Before initiating a debugging session, we must ensure that the binaries that we will be operating on have been built with compiler-optimizations disabled. The following sysbox Makefile targets have been created for this purpose:
sysbox-debug
sysbox-runc-debug
sysbox-fs-debug
sysbox-mgr-debug
Example:
$ make sysbox-debug && sudo make install
In some cases, it's desirable to debug process initialization phases, so in
those cases we must pick a convenient location where to place a sleep
instruction that provides user with enough time to launch the debugger.
Example (sysbox-runc):
diff --git a/create.go b/create.go
index bb551950..a2b29beb 100644
--- a/create.go
+++ b/create.go
@@ -2,6 +2,7 @@ package main
import (
"os"
+ "time"
@@ -59,6 +60,7 @@ command(s) that get executed on start, edit the args parameter of the spec.

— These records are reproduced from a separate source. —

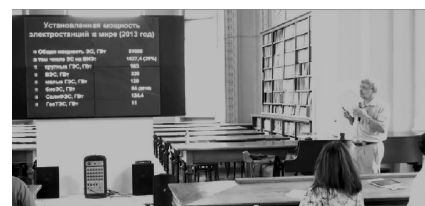
Рис.2. «Поновлювані джерела енергії». Лекція у Санкт-Петербурзькому політехнічному університеті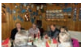
Stegt flæsk på Truust kro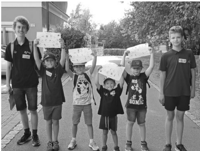
Musikalische Schnitzeljagd beim Sommerferienprogramm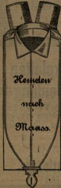
Vorrätige Herren-Hemden à Mk. 2,50, Mk. 3,50, Mk. 4,50, grösste Auswahl in Herrenkragen u. Manschetten neuester Formen.

Wäsche-Fabrik, Ausstattungs-Geschäft, 171 Kaiserstrasse 171.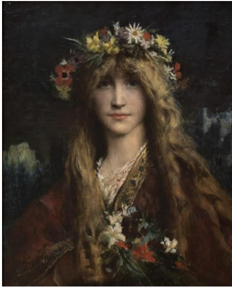
Jules-Élie Delaunay, Ophélie , 1882, huile sur bois

See
if err := revisePidFile(context); err != nil {
return err
}
+ time.Sleep(time.Second * 30)
if err := sysbox.CheckHostConfig(context); err != nil {
return err
}
Even though GDB offers Golang support, in reality there are a few key features missing today, such as proper understanding of Golang's concurrency constructs (e.g. goroutines). In consequence, in this document i will be focusing on Delve debugger, which is not as feature-rich as the regular GDB, but it fully supports Golang's runtime. Luckily, most of the existing Delve instructions fully match GDB ones, so I will mainly concentrate on those that (slightly) deviate.
-
Installation:
rodny@vm-1:~$ go get -u github.com/derekparker/delve/cmd/dlv
-
Change working directory to the sysbox workspace location:
rodny@vm-1:~$ cd ~/wsp/sysbox
-
Attaching to a running process:
Let's pick sysbox-runc as an example. First, we need to find the PID of the running sysbox-runc process. Use
pstree -SlpgT | grep sysbox
orps -ef | grep sysbox
to help with this.Then start the debugger and attach it to the sysbox-runc process via the PID:
rodny@vm-1:~/wsp/sysbox/sysbox$ sudo env "PATH=$PATH" env "GOROOT=$GOROOT" env "GOPATH=$GOPATH" env "PWD=$PWD" $(which dlv) attach $(pidof sysbox-runc)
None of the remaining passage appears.